◆ AIM OF THE TASK ◆
What you write must match, character for character, the lines from the one with "構成案ができたら、一度に全文" down to the one with "琥珀酸亚铁片 | 0.1g*20片 | 190407 | 查看详情 |" in the listing below, minus its pictures.

===== AVAILABLE DATA =====

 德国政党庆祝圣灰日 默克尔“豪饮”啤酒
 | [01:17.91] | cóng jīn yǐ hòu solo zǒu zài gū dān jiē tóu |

=====
===== AVAILABLE DATA =====

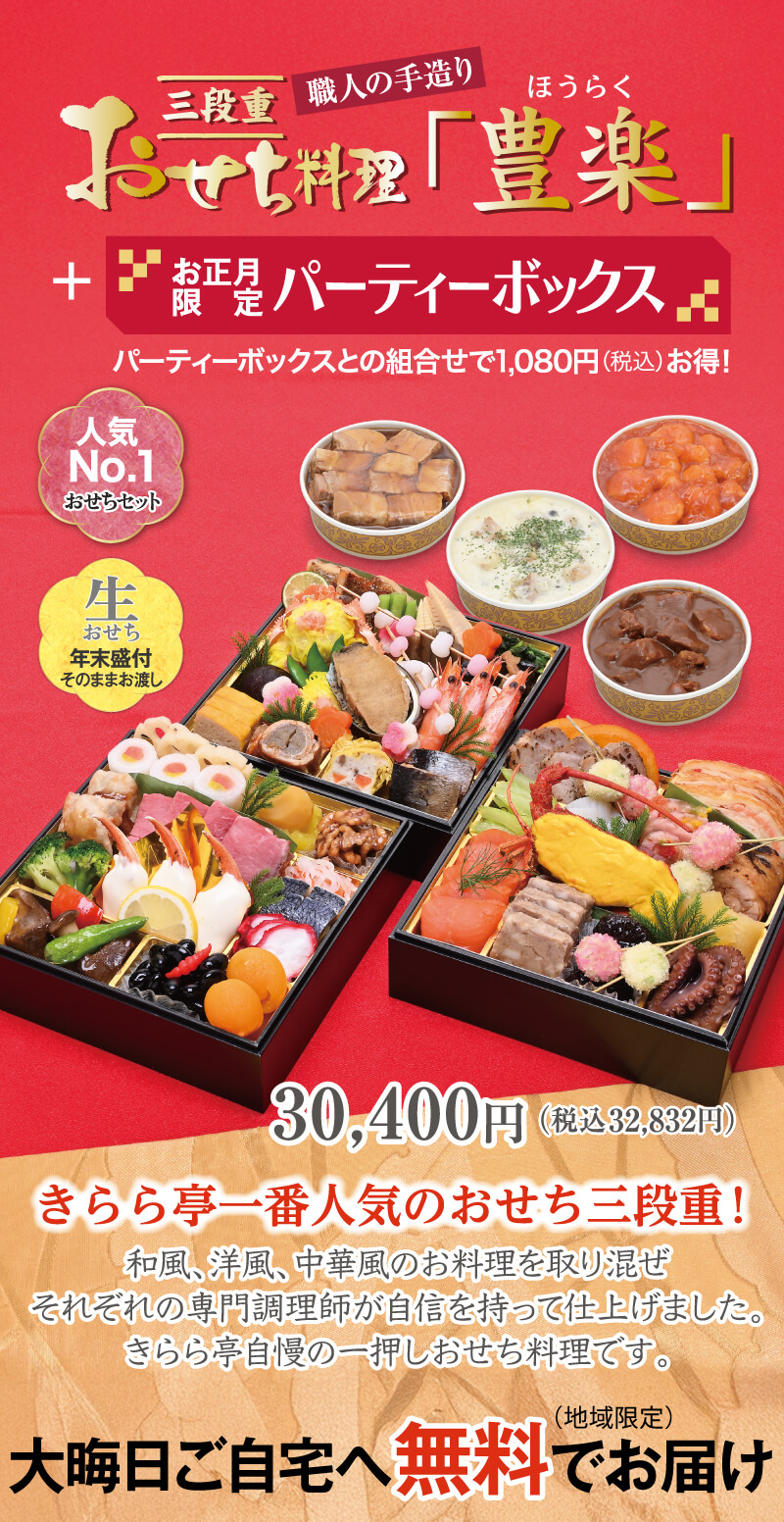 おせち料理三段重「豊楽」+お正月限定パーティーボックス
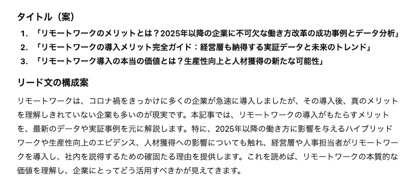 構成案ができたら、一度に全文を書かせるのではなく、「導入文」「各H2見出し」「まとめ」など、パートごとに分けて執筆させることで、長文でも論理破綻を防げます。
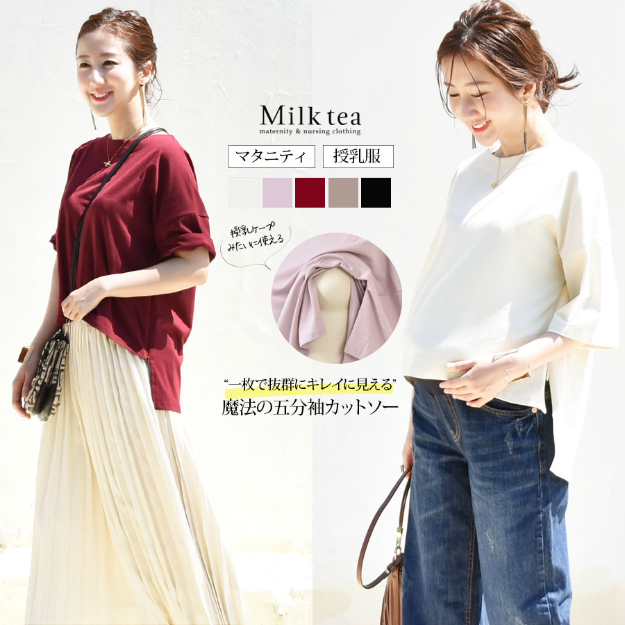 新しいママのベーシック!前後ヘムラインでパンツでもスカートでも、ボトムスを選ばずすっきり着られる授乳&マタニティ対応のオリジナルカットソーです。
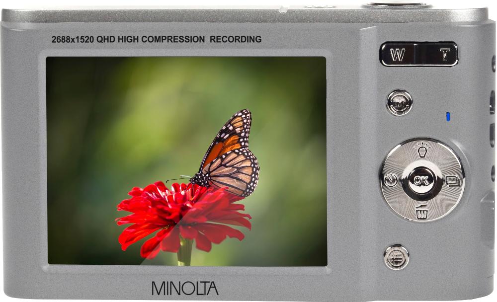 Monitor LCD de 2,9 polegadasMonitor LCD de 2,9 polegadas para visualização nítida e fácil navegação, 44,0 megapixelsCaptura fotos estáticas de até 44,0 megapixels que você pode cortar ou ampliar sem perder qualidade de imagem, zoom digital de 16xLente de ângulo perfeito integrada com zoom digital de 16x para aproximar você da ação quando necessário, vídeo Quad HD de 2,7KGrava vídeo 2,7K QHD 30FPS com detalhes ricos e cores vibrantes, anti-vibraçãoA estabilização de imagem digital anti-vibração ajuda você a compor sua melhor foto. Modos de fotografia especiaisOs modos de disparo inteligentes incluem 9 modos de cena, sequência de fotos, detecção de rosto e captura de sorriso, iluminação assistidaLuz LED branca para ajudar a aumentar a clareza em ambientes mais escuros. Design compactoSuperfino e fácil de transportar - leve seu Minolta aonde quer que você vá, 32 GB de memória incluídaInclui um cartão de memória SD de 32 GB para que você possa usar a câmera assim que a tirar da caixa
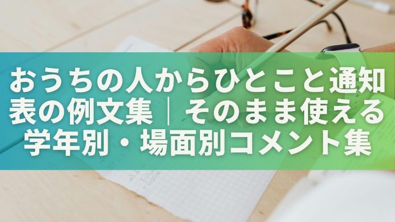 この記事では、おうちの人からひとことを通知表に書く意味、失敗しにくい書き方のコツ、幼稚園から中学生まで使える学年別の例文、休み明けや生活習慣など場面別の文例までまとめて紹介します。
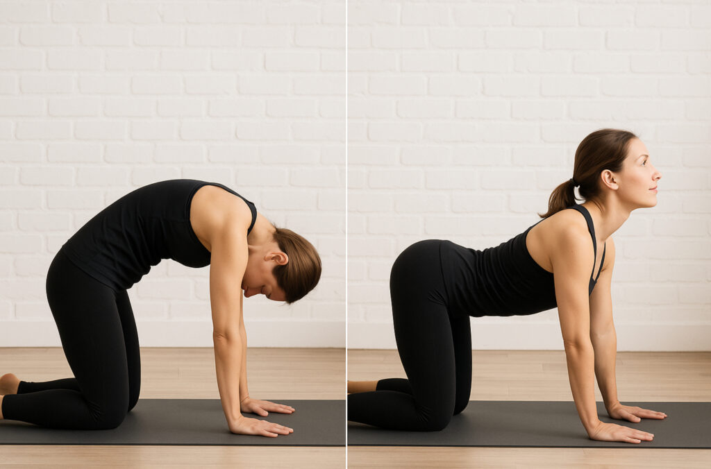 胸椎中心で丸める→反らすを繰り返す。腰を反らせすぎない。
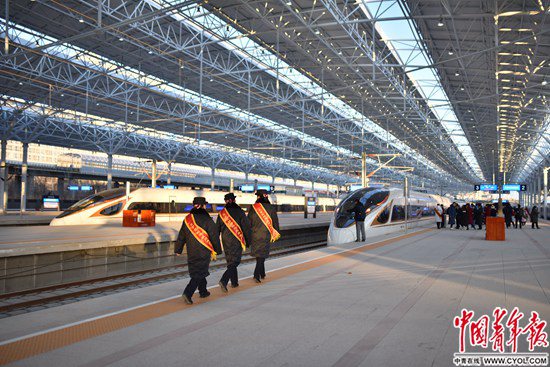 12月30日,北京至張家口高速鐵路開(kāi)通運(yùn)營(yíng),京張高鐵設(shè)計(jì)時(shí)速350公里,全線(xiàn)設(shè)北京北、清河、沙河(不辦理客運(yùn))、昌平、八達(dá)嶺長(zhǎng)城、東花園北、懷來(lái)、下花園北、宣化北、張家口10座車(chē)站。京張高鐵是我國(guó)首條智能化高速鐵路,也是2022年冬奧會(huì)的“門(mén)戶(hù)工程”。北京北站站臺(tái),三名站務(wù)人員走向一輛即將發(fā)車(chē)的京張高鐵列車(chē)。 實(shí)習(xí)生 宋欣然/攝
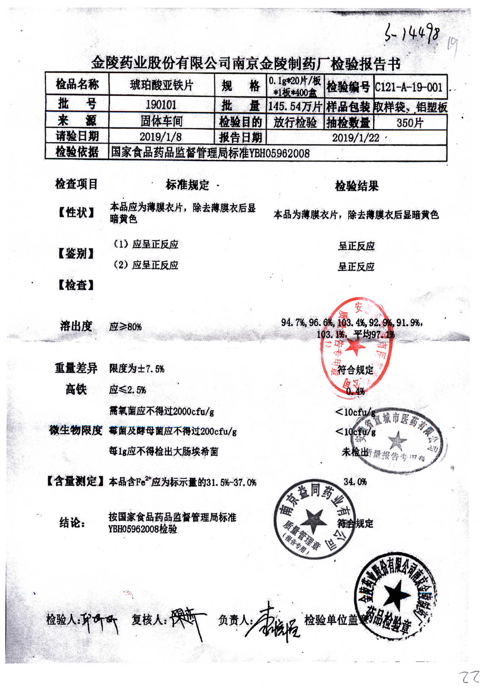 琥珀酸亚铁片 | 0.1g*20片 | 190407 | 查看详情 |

=====

◆ EXERCISE OUTPUT ◆
 構成案ができたら、一度に全文を書かせるのではなく、「導入文」「各H2見出し」「まとめ」など、パートごとに分けて執筆させることで、長文でも論理破綻を防げます。
 新しいママのベーシック!前後ヘムラインでパンツでもスカートでも、ボトムスを選ばずすっきり着られる授乳&マタニティ対応のオリジナルカットソーです。
 Monitor LCD de 2,9 polegadasMonitor LCD de 2,9 polegadas para visualização nítida e fácil navegação, 44,0 megapixelsCaptura fotos estáticas de até 44,0 megapixels que você pode cortar ou ampliar sem perder qualidade de imagem, zoom digital de 16xLente de ângulo perfeito integrada com zoom digital de 16x para aproximar você da ação quando necessário, vídeo Quad HD de 2,7KGrava vídeo 2,7K QHD 30FPS com detalhes ricos e cores vibrantes, anti-vibraçãoA estabilização de imagem digital anti-vibração ajuda você a compor sua melhor foto. Modos de fotografia especiaisOs modos de disparo inteligentes incluem 9 modos de cena, sequência de fotos, detecção de rosto e captura de sorriso, iluminação assistidaLuz LED branca para ajudar a aumentar a clareza em ambientes mais escuros. Design compactoSuperfino e fácil de transportar - leve seu Minolta aonde quer que você vá, 32 GB de memória incluídaInclui um cartão de memória SD de 32 GB para que você possa usar a câmera assim que a tirar da caixa
 この記事では、おうちの人からひとことを通知表に書く意味、失敗しにくい書き方のコツ、幼稚園から中学生まで使える学年別の例文、休み明けや生活習慣など場面別の文例までまとめて紹介します。
 胸椎中心で丸める→反らすを繰り返す。腰を反らせすぎない。
 12月30日,北京至張家口高速鐵路開(kāi)通運(yùn)營(yíng),京張高鐵設(shè)計(jì)時(shí)速350公里,全線(xiàn)設(shè)北京北、清河、沙河(不辦理客運(yùn))、昌平、八達(dá)嶺長(zhǎng)城、東花園北、懷來(lái)、下花園北、宣化北、張家口10座車(chē)站。京張高鐵是我國(guó)首條智能化高速鐵路,也是2022年冬奧會(huì)的“門(mén)戶(hù)工程”。北京北站站臺(tái),三名站務(wù)人員走向一輛即將發(fā)車(chē)的京張高鐵列車(chē)。 實(shí)習(xí)生 宋欣然/攝
 琥珀酸亚铁片 | 0.1g*20片 | 190407 | 查看详情 |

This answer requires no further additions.